▶ INFORMATION

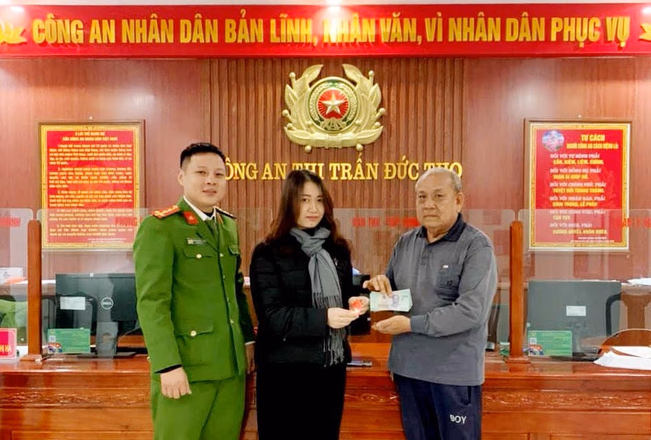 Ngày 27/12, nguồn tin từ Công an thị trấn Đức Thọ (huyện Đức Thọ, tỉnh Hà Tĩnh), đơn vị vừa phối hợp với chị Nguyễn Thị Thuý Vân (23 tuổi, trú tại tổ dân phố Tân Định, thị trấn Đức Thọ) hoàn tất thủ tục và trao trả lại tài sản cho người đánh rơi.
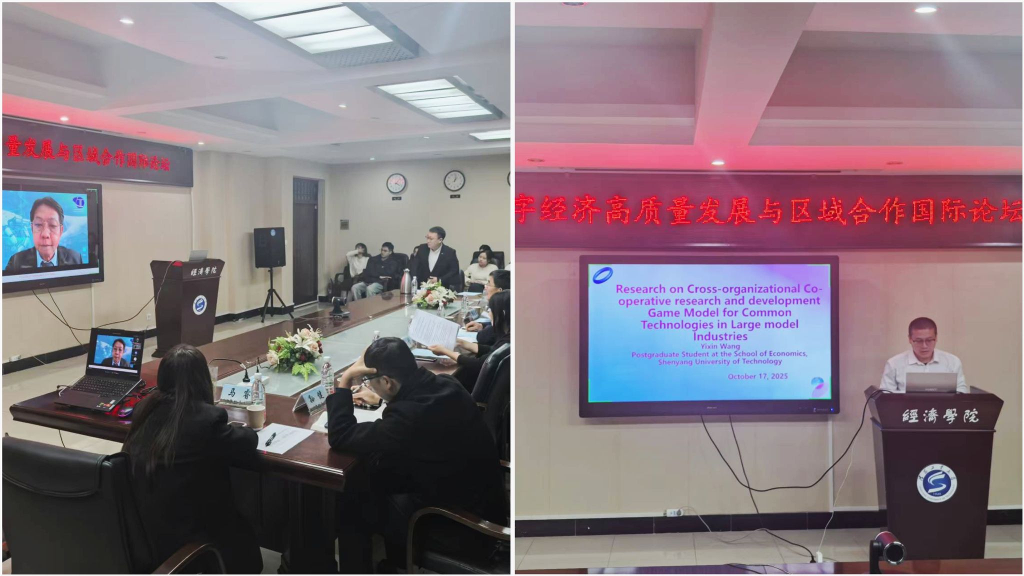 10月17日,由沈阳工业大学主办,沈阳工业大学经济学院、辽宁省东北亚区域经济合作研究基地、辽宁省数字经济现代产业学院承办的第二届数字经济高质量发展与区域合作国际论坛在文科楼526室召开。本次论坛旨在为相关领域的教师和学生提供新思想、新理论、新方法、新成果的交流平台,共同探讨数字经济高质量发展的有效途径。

==

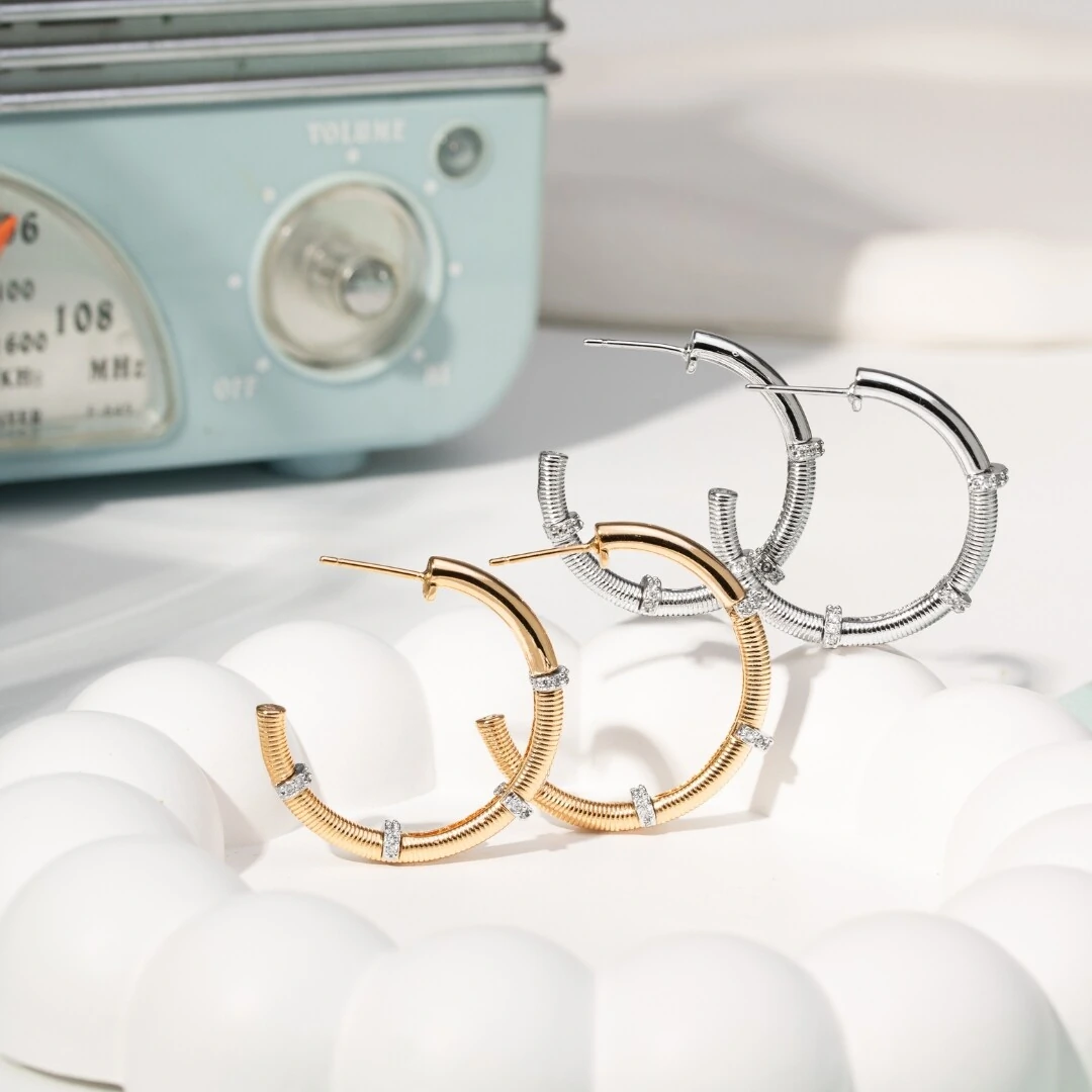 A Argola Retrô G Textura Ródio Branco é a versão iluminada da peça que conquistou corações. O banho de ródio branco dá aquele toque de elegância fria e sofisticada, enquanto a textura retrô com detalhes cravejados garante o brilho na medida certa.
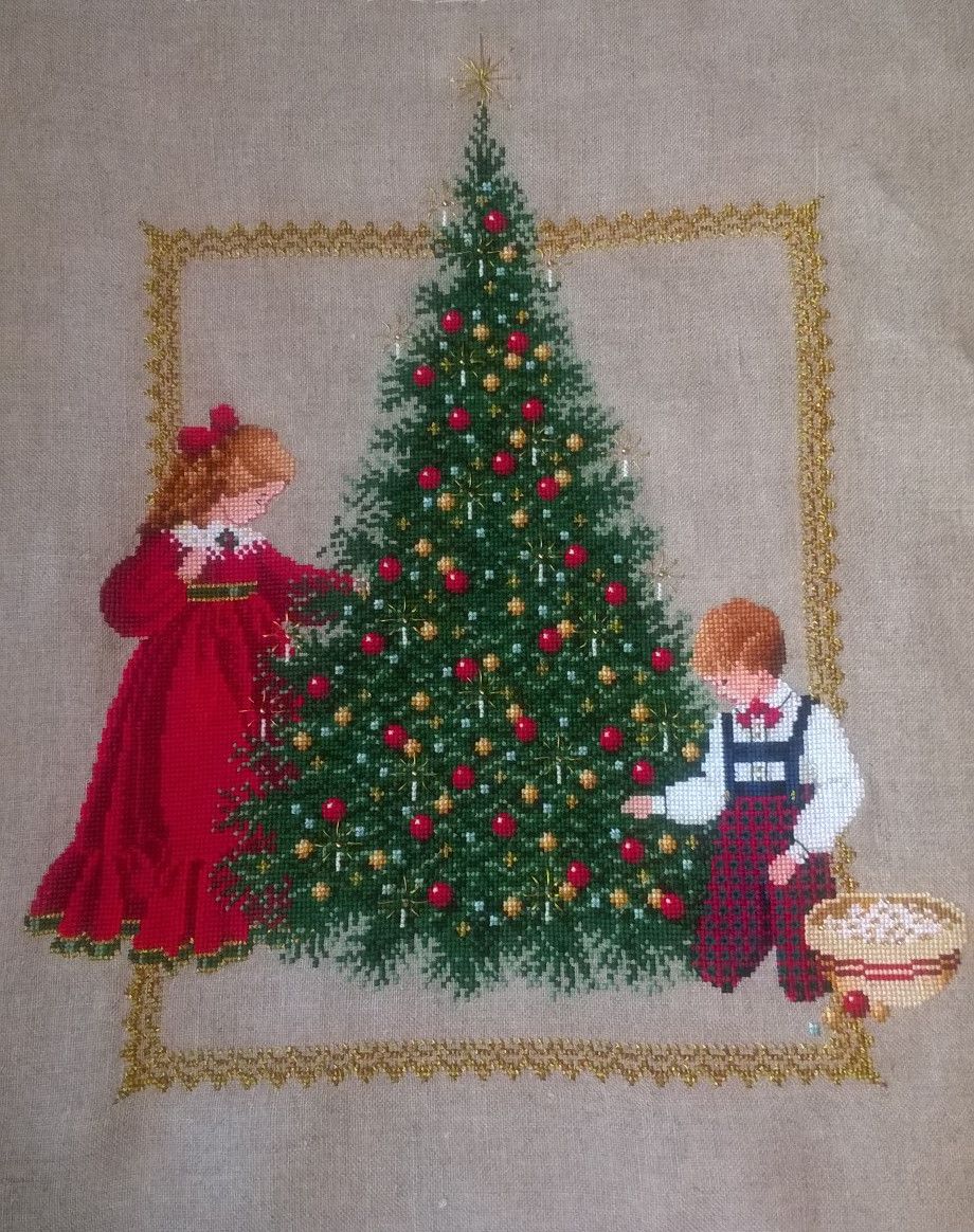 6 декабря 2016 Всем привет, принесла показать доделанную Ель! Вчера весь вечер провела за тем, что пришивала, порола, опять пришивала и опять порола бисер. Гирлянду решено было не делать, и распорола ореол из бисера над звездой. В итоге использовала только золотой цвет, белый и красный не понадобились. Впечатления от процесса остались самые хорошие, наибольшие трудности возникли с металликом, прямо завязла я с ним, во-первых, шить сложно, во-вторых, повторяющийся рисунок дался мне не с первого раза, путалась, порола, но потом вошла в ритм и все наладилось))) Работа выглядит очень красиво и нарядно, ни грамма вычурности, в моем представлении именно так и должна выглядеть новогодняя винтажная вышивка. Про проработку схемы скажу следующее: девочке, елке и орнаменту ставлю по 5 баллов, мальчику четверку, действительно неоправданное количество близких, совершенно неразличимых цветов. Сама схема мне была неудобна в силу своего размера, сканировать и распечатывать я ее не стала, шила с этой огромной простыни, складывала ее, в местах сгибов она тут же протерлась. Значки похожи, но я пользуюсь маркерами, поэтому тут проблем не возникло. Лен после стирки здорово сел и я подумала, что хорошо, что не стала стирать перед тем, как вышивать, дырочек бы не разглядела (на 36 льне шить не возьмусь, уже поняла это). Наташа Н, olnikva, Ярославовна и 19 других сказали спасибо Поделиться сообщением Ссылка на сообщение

▶ EXERCISE AIM
Give back exactly the lines above from the one with "Ngày 27/12, nguồn" through the one with "10月17日,由沈阳工业大学", both included. Pictures don't belong in the copy.

▶ OUTPUT OF THE EXERCISE
 Ngày 27/12, nguồn tin từ Công an thị trấn Đức Thọ (huyện Đức Thọ, tỉnh Hà Tĩnh), đơn vị vừa phối hợp với chị Nguyễn Thị Thuý Vân (23 tuổi, trú tại tổ dân phố Tân Định, thị trấn Đức Thọ) hoàn tất thủ tục và trao trả lại tài sản cho người đánh rơi.
 10月17日,由沈阳工业大学主办,沈阳工业大学经济学院、辽宁省东北亚区域经济合作研究基地、辽宁省数字经济现代产业学院承办的第二届数字经济高质量发展与区域合作国际论坛在文科楼526室召开。本次论坛旨在为相关领域的教师和学生提供新思想、新理论、新方法、新成果的交流平台,共同探讨数字经济高质量发展的有效途径。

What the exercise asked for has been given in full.